結論:令和8年(2026年)7月、障害者の法定雇用率は民間企業2.5%→2.7%へ引き上げられ、対象事業主の範囲も「常用労働者40.0人以上」から「37.5人以上」へ拡大します(厚生労働省公表)。これは単なる係数の変更ではなく、これまで対象外だった従業員38〜39人規模の会社が新たに雇用義務を負うという「対象事業主の拡大」です。法定雇用障害者数の算定・カウント方式の適用・毎年6月1日時点の報告(いわゆるロクイチ報告)は、条件分岐が多く手作業でのミスが起きやすい領域です。判定ロジックを決定的ルールとしてコード化し、報告書の下書きと台帳の整備をClaude Codeに任せれば、労務担当者は「本当に採用・配置を検討すべき部分」に集中できます。
- 要点1:法定雇用障害者数の算定(常用労働者数×法定雇用率、端数切り捨て)と、精神障害者・重度障害者のカウント特例(1カウント/0.5カウント)の適用は、AIの推測に委ねず決定的ルールで固定する
- 要点2:常用労働者37.5人以上40人未満という「新たに対象になる規模」の会社は、令和8年7月以降の雇用義務発生に向けて今のうちに台帳とカウントロジックを用意しておく必要がある
- 要点3:採用可否・合理的配慮の内容といった人事判断はClaude Codeに担わせず、あくまで算定・報告書下書き・台帳管理までに役割を限定する
対象読者:人事・労務部門とAI活用を進める開発者・PM・経営企画
今日やること:自社の常用労働者数(週所定労働時間20時間以上の労働者数)を数え、37.5人以上40人未満のレンジに入っていないかを確認する
「うちは40人ぎりぎりだから障害者雇用は関係ない、と去年までは言えてたんですけど」。

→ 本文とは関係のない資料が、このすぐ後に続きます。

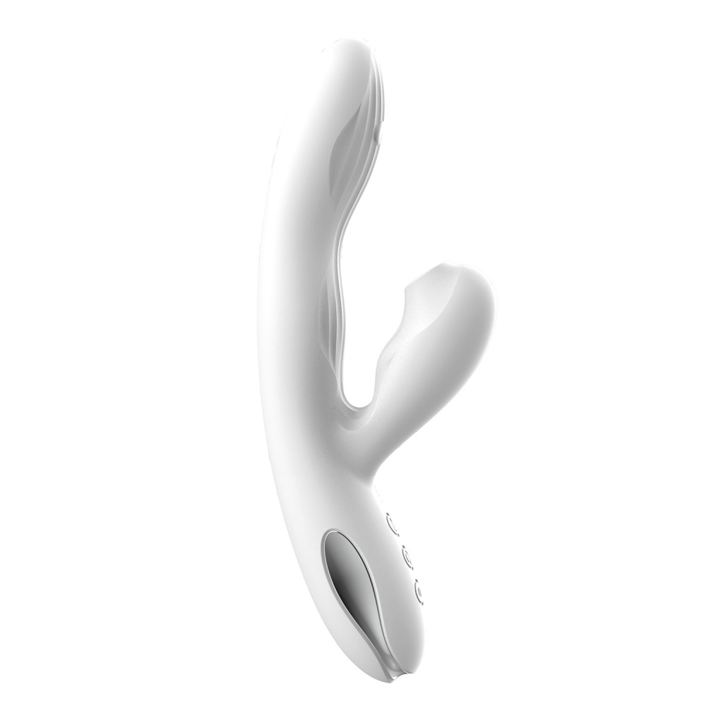 Белый вибратор-кролик Eria с вакуумной стимуляцией, функцией tapping и нагревом - 21,5 см.
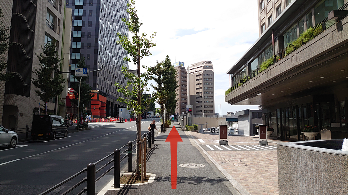 左右にホテルが見えてきますので、さらに真っ直ぐ進みます。
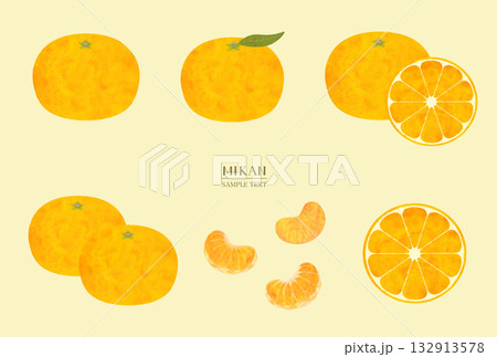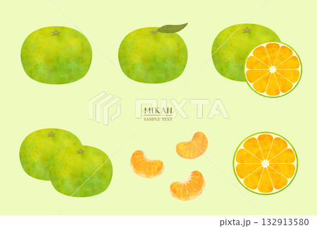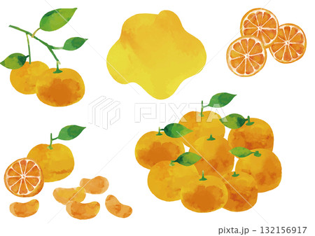 早生みかんのイラスト素材セット (水彩風ベクター)
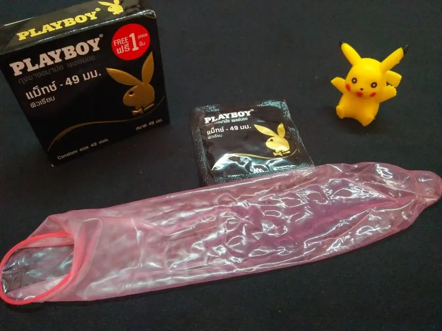 #Playboyเฟเธอร์ไลท์ 52mm ผิวเรียบ ตัวถุงไม่มีกลิ่น เวลาfeat.รู้สึกว่าไม่ค่อยล
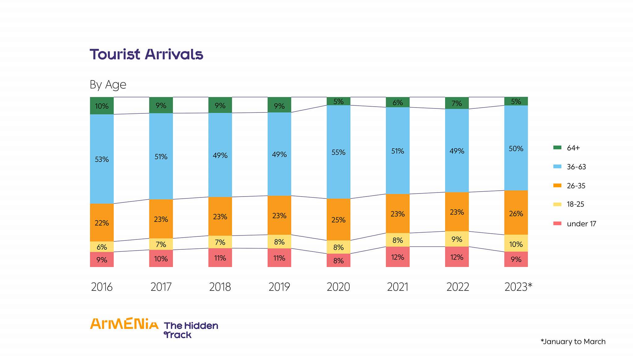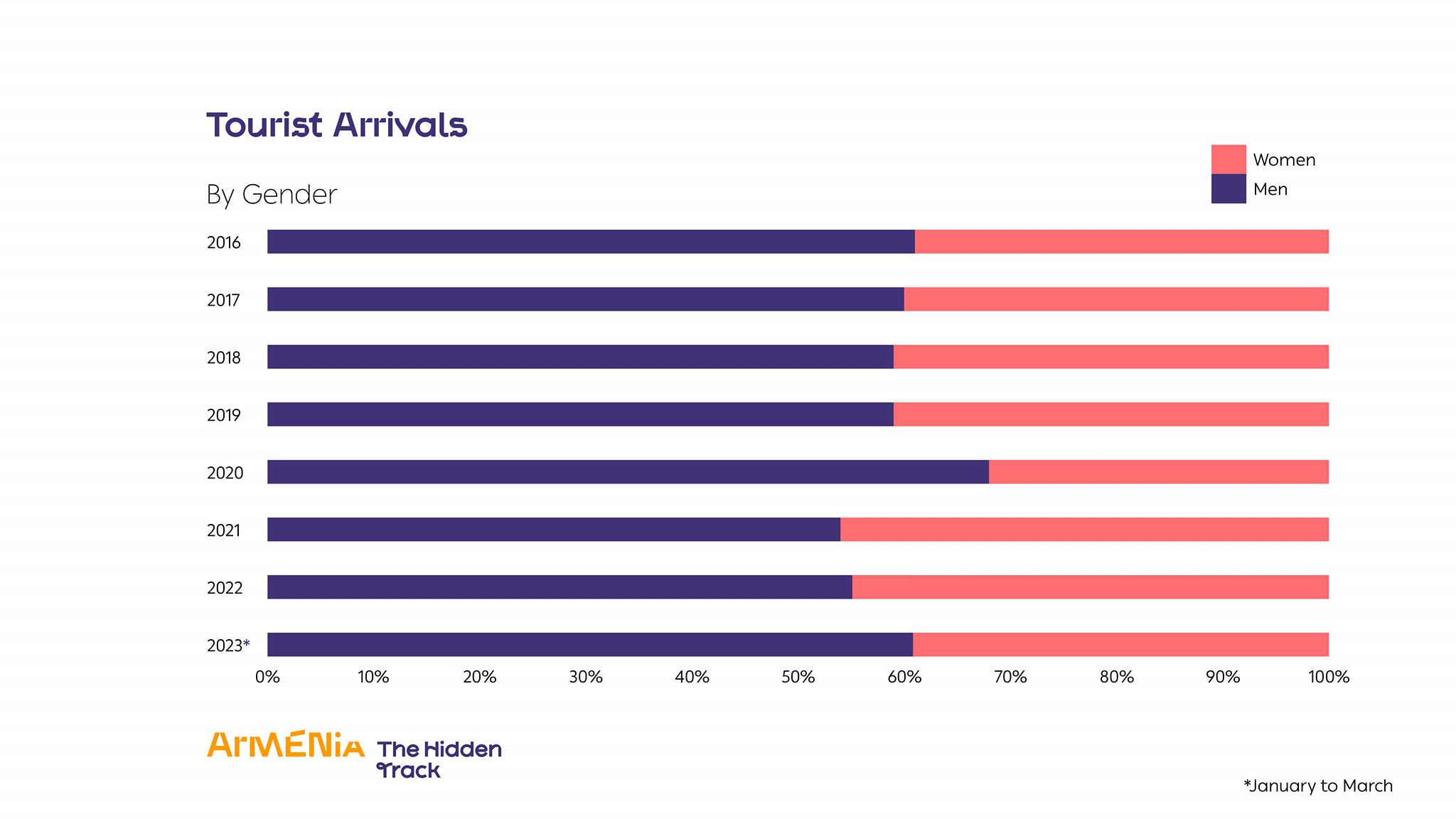 ՀՀ էկոնոմիկայի նախարարությունից տեղեկացնում են, որ համաձայն ՀՀ Զբոսաշրջության կոմիտեի տրամադրած տեղեկատվության՝ 2023 թ. հունվար-մարտ ամիսների ընթացքում Հայաստան եկած զբոսաշրջիկների թիվը կազմել է մոտ 450 հազար մարդ: Սա առավել քան 35%-ով ավել է 2019 թ․ նույն ժամանակահատվածի համեմատ։
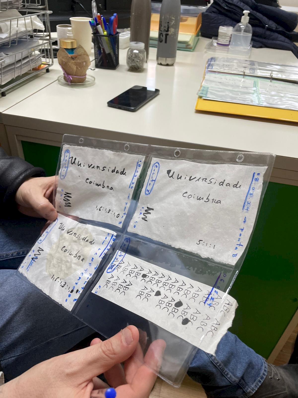 Durante a investigação, a equipa testou diferentes técnicas de aplicação, incluindo a colagem do filme ao papel com adesivos específicos. «Aplicamos os filmes em papel de trapos (usado para simular papel antigo) escrito com tinta ferrogálica (recriada em laboratório). Posteriormente, são feitos testes de envelhecimento acelerado em condições controladas de temperatura e humidade, entre outras, para avaliar a durabilidade e eficácia dos filmes», conta Ana Marques, membro do projeto.

労務コンプライアンスの仕組み化を相談されたとき、人事担当者からそう切り出されたことがあります。令和8年7月の法定雇用率引き上げは、率そのものの変化(2.5%→2.7%)以上に、対象事業主の範囲が「常用労働者40.0人以上」から「37.5人以上」に広がる点が実務上のインパクトが大きい改正です。これまで障害者雇用状況の報告義務も雇用義務も発生していなかった会社が、初めて算定・報告の当事者になります。この記事では、法定雇用障害者数の算定とカウント特例の適用、毎年6月1日時点の報告(ロクイチ報告)の下書き作成、そして継続的な台帳管理をClaude Codeで仕組み化する実装パターンを解説します。
事例区分:実装パターン解説
本記事は複数の現場でよく見られる障害者雇用率対応の実装課題を一般化した実装パターン解説です。登場する数値・条件は特定の実在案件を示すものではなく、実装を検討する際の試算・想定値として記載しています。制度の適用要件・算定基準・報告様式は必ず厚生労働省・管轄ハローワークの最新の公表資料で確認し、採用・配置・合理的配慮に関する判断は自社の人事責任者が行ってください。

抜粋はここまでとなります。